Legislators submit petition rejecting utility price rises
The Jakarta Post, Jakarta
Legislators ate their words on Monday when they demanded the government to reverse its decision on the utility price hikes, despite the fact that they had agreed to the increases in the first place.
Dozens of intra-faction legislators submitted a petition to the House of Representatives (DPR) plenary meeting on Monday urging the legislative body to tell the government to cancel its decision to increase electricity and telephone rates and remove the fuel subsidy.
The House had in principle agreed to the increases when it endorsed the 2003 National Development Program (Propernas) and state budget last year.
The legislators -- some of the initiators came from President Megawati Soekarnoputri's Indonesian Democratic Party of Struggle (PDI Perjuangan) -- also urged the government to cancel the release and discharge scheme for big debtors and stop depending on the International Monetary Fund (IMF) and other international institutions to revive the country's economy.
"The government's decisions to increase utility prices and to release big debtors are clearly detrimental to the majority of Indonesians," legislator Lukman Hakim Saifuddin said when reading out the petition in the first House plenary meeting in 2003 here on Monday.
The government raised telephone and electricity rates and removed the fuel subsidy on Jan. 1 to finance the country's budget and reduce the budget deficit, which had been funded with foreign financing, especially from the IMF.
The announcement, however, met with strong protests from trade unions, students and non-governmental organizations (NGOs), who argued that the simultaneous increases would further burden the public.
It also hurt the people's sense of justice as the increases took effect after the government issued a presidential instruction endorsing the release and discharge scheme for big debtors, under which debtors who have fulfilled their obligations to the Indonesian Bank Restructuring Agency (IBRA) are exempt from criminal charges.
Trade unions and students as well as NGOs have been organizing street rallies against the prices hikes, with some calling for the ouster of both Megawati and Vice President Hamzah Haz.
The PDI Perjuangan faction at the House urged Megawati on Monday to reverse the decision on the telephone rate hike but supported the increases in electricity and fuel prices.
A number of noted politicians, trade unions and student groups held a meeting over the weekend to discuss ways on how to unseat Megawati, who took over the national leadership in July 2001 after members of the People's Consultative Assembly (MPR) impeached then president Abdurrahman Wahid for incompetence.
On Monday evening, MPR chairman Amien Rais met with his deputies and they agreed that the government had to annul the utility price hikes.
However, Amien, who was at the forefront in ousting Abdurrahman in 2001, conceded that the MPR, the country's highest legislative body, does not have the power to impeach a president or vice president.
Under the amended 1945 Constitution, only the House, with the consent of the constitutional court, has the authority to impeach a president. The constitutional court has yet to be established.

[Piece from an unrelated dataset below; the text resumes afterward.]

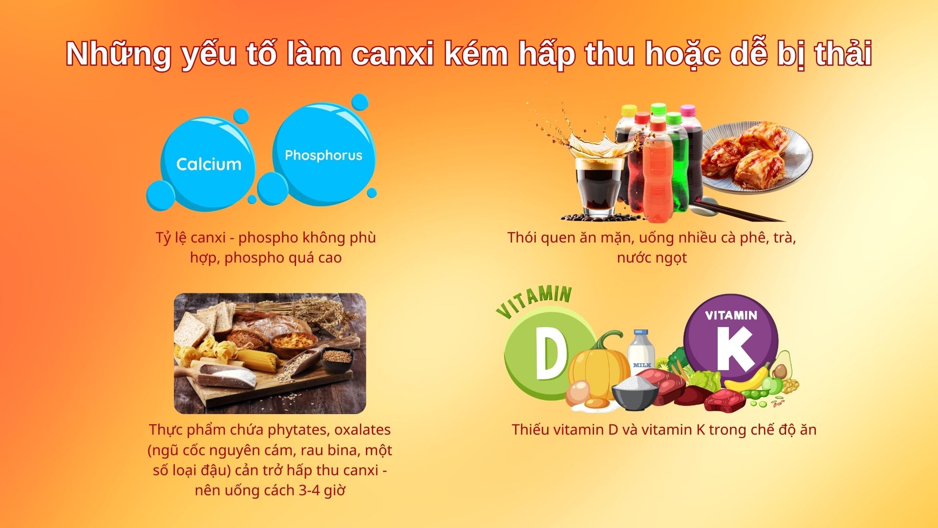 Ngoài ra, một số thực phẩm và thói quen ăn uống có thể gây tương tác, làm cản trở quá trình hấp thu canxi. Các yếu tố thường gặp bao gồm ăn mặn, uống nhiều cà phê, trà, nước ngọt. Một số loại rau và thực phẩm chứa phytates hoặc oxalates có thể kết hợp với canxi tạo thành phức hợp không hòa tan, khiến canxi không thể được hấp thu.

House Speaker Akbar Tandjung said on Monday that the House would host a consultation meeting with the three coordinating ministers of Megawati's Cabinet on Wednesday to discuss the utility price hikes.
But the government hinted on Monday that they may not show up at the meeting as the House failed to follow procedures for holding a meeting.
State Minister of Communications and Information Syamsul Mu'arif said that the proposal should be brought to the House consultative body before it called for a consultation meeting with the government.
"If the meeting is held in accordance with House regulations, the government will comply. We will not respond if it goes against procedures," Syamsul said after the Cabinet meeting.
"We do not want to set a bad precedent," the minister said without elaborating.
He further said that the decision to summon the three coordinating ministers was made when the House was still in recess and the government had yet to receive a formal invitation for the meeting.
"We do mind about fulfilling the request as it was not done in line with the House's internal regulations," Syamsul, who is a former legislator from the Golkar party, said.